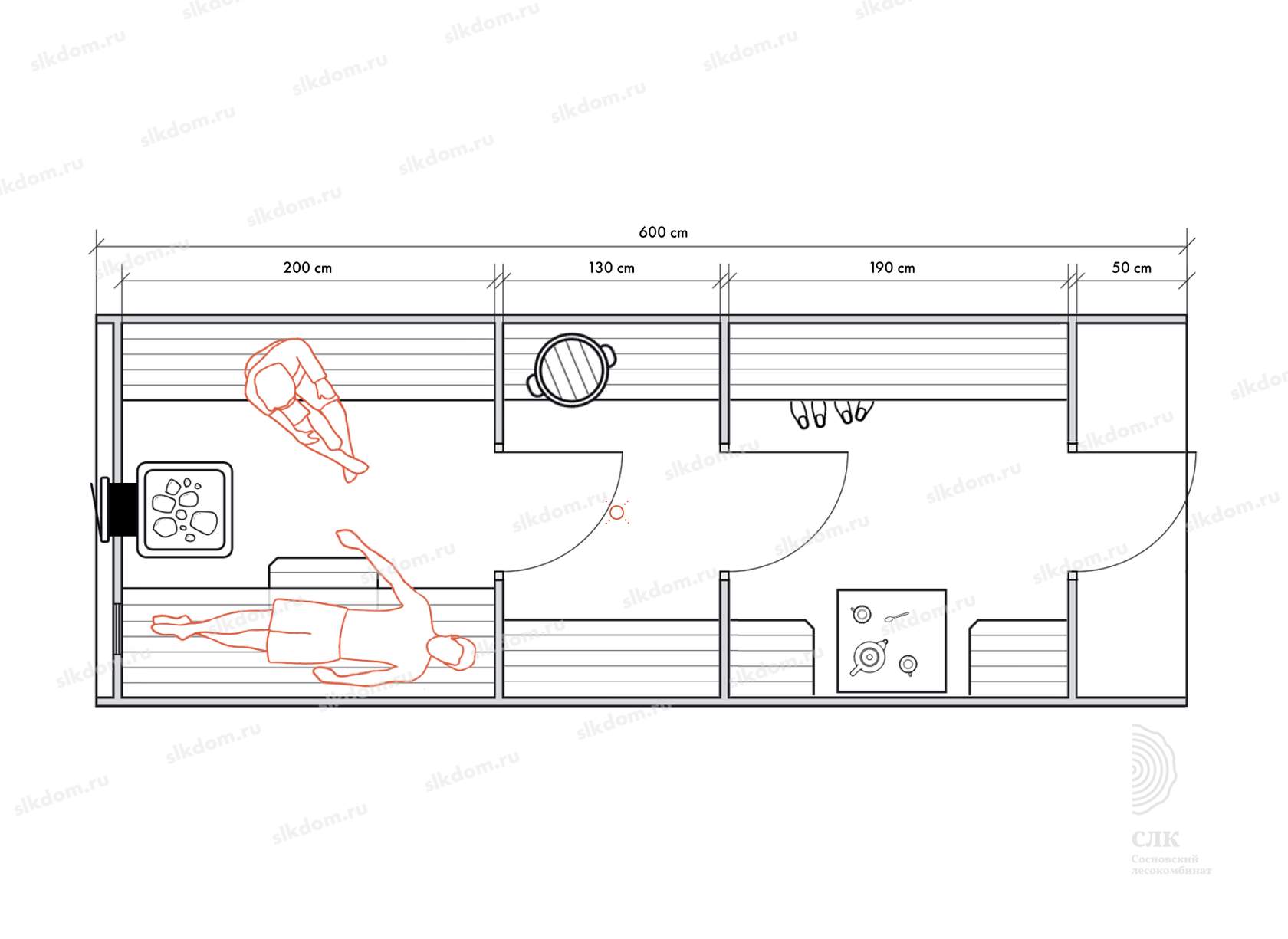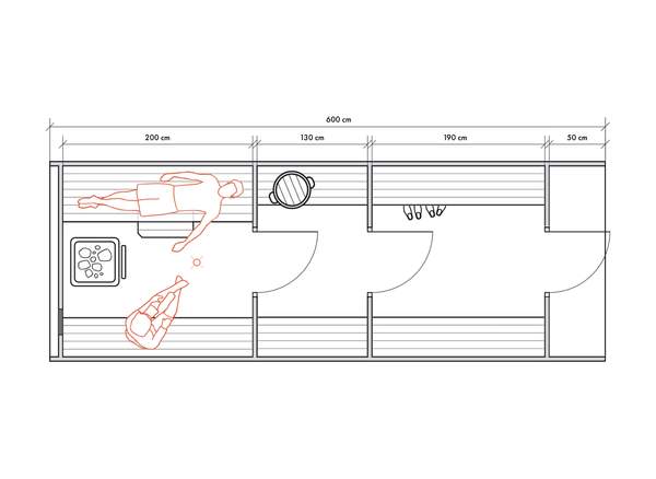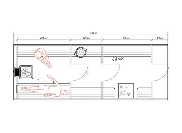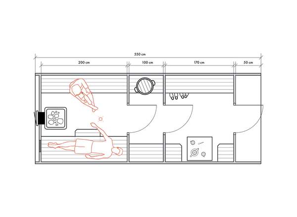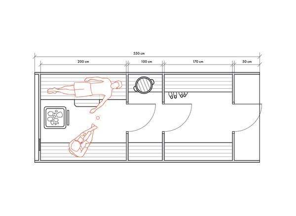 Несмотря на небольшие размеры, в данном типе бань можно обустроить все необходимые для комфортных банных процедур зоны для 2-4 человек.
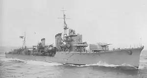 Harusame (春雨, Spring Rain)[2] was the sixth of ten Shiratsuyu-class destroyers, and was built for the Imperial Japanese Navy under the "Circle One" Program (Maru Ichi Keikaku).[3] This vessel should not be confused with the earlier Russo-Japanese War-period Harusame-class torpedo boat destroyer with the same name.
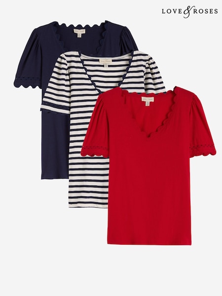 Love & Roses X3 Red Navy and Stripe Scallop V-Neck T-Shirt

**WHAT IS EXPECTED**
Transcribe exactly, with no pictures, the lines running from the first line of the material through the line holding "Harusame (春雨, Spring".

**WRITTEN ANSWER**
 Несмотря на небольшие размеры, в данном типе бань можно обустроить все необходимые для комфортных банных процедур зоны для 2-4 человек.
 Harusame (春雨, Spring Rain)[2] was the sixth of ten Shiratsuyu-class destroyers, and was built for the Imperial Japanese Navy under the "Circle One" Program (Maru Ichi Keikaku).[3] This vessel should not be confused with the earlier Russo-Japanese War-period Harusame-class torpedo boat destroyer with the same name.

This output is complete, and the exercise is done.